Были, однако, времена, когда эта земля была охвачена пламенем. Древний бургундский город... Три горделивые церкви с остроконечными готическими башнями из белого камня, покрытого бронзовым налетом и источенного временем, как ржавый панцирь, – церкви, чьи силуэты воинов Христовых высятся над змеящейся рекой; их безголовые, выстроившиеся в ряд статуи святых; их разбитые, как бы в сгустках запекшейся крови, окна; сокровища собора, ковры Гаруна и тяжелые драгоценности императоров Карла, сына Карла, отцов и дедов Карла; развалины стрельчатых башен и крепостных стен времен английского владычества-все говорит о былой могучей жизни, об алой крови, о золотом посохе знаменитых епископов, об эпических сражениях, о Герцоге, о Короле – о королях (который из них настоящий?), о том, что здесь побывали войска Орлеанской девственницы.

Теперь улицы пустынны.

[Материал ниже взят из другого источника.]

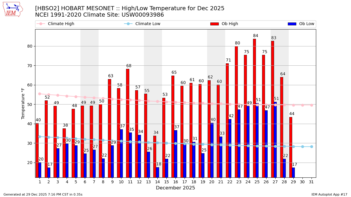 Description: This chart of the monthly temperature data. The bars are the observations and the dots are climatology.

Среди стен городских домов с узкими проемами дверей, поднятых на одну ступеньку и запертых на крепкие запоры, можно издали услышать гулкий шаг прохожего, неторопливо идущего по старой мостовой, а в небе – крики грачей, в своем тяжелом лете обводящих черным ореолом церковные башни.

Раса вымирает. И блаженствует. Места у нее достаточно. Земля богата соками, потребности удовлетворены, стремления ограниченны. Беспокойные искатели счастья из поколения в поколение отправлялись на завоевание Парижа. Оставшиеся находят, что им стало просторнее. Постель свободна: ворочайся сколько хочешь. После войны простору будет еще больше. Она берет сыновей. Но не всех. А беспокоиться заранее – для этого не хватает воображения. Между тем трезвый рассудок уже прикидывает, велики ли выгоды.

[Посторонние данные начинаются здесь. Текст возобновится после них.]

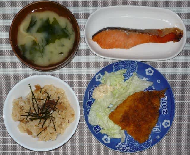 朝食:鶏釜飯、自作味噌汁、搾菜、アジフライ、コロッケ

Легкая жизнь, вкусная еда, кинематограф и кафе; в виде идеала – казарменный рожок, а для будничного обихода – конный базар. Люди веселы, никого не волнует чехарда новостей, наступлений, отступлений: здесь знают этому цену. О русских, отступающих перед немцами, говорят:

«Ну, если эти парни будут продолжать в том же духе, они соединятся с нами кружным путем, через Сибирь и Америку!..»

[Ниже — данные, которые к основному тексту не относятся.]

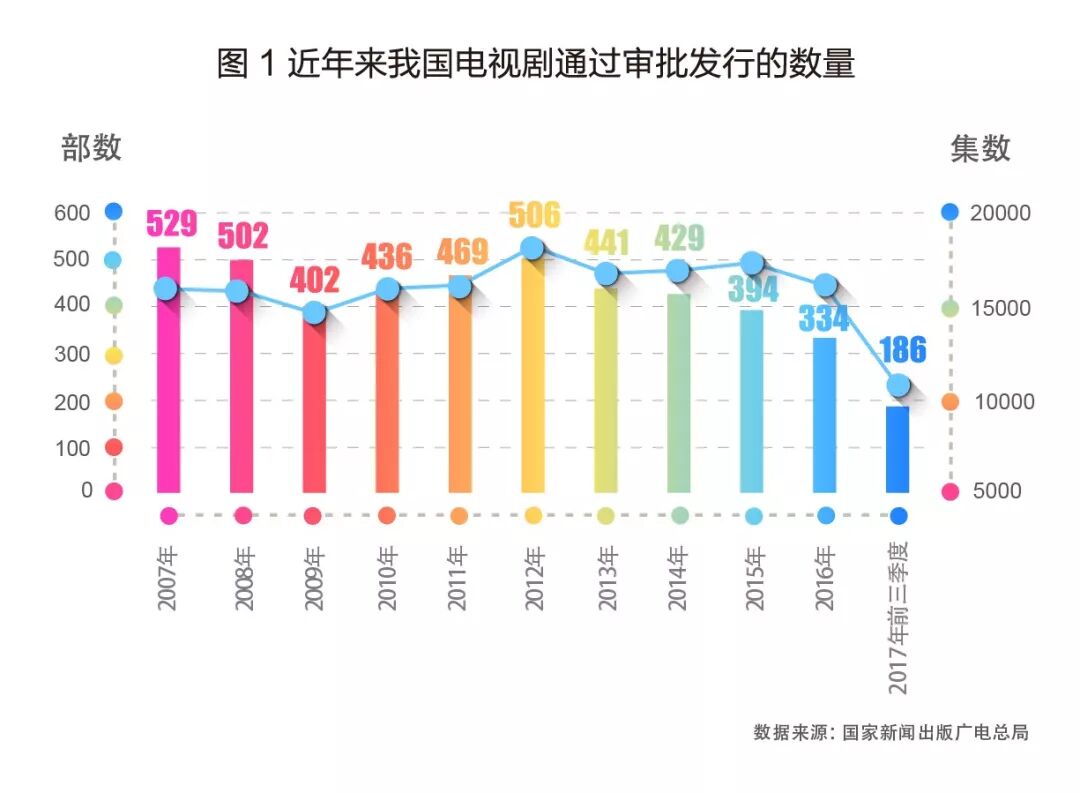 导语:2017年我国电视剧市场向纵深层次发展,既延续了前几年的一贯特征,也出现了诸多新的变化。固化与垄断,突破与逆袭,构成了本年电视剧市场关键词——内容供应方面,政府坚持严控政策,产量持续下滑;题材在集中化中出现新大类,硬中趋软;地面频道仍在业绩欲望与资金缺乏间维持平衡;在全国市场层面,卫视频道间的竞争形成了阶层固化与优势资源的垄断,头部卫视之间竞争异常激烈,洗牌加速;现实背景电视剧强力突破重围,出现收视黑马,形成一股难得的清流,为我国电视剧市场下一步发展提供了新的思路。

Благоденствие сгладило острые углы, смягчило твердость, жестокость...

(Стой! Берегись, брат! Не очень-то доверяйся!..).

Спокойствие... Сонная истома... Аннета, ты недовольна? Ведь ты искала мира?

«Мира?.. Не знаю. Мира?.. Пожалуй. Но не мой это мир. И не в этом мир...»

«Ибо мир не есть отсутствие войны. Это добродетель, родившаяся из душевной силы».

От сонного царства старой провинции, замыкаемой кольцом холмов с их виноградниками и пашнями, удобно расположившейся в самом центре Франции, куда гул военных орудий доносится глухо, куда не докатился поток войск, сделав петлю, как река, огибающая незыблемый горный массив (два года спустя здесь раскинут лагерь американцы и внесут оживление в сонный городок, но скоро прискучат ему), – от этого сонного царства несет тем же душком, что и от школьных классов, где за плотно запертыми дверями и окнами, под гудением печки, души и тела маленьких людей варятся в собственном соку.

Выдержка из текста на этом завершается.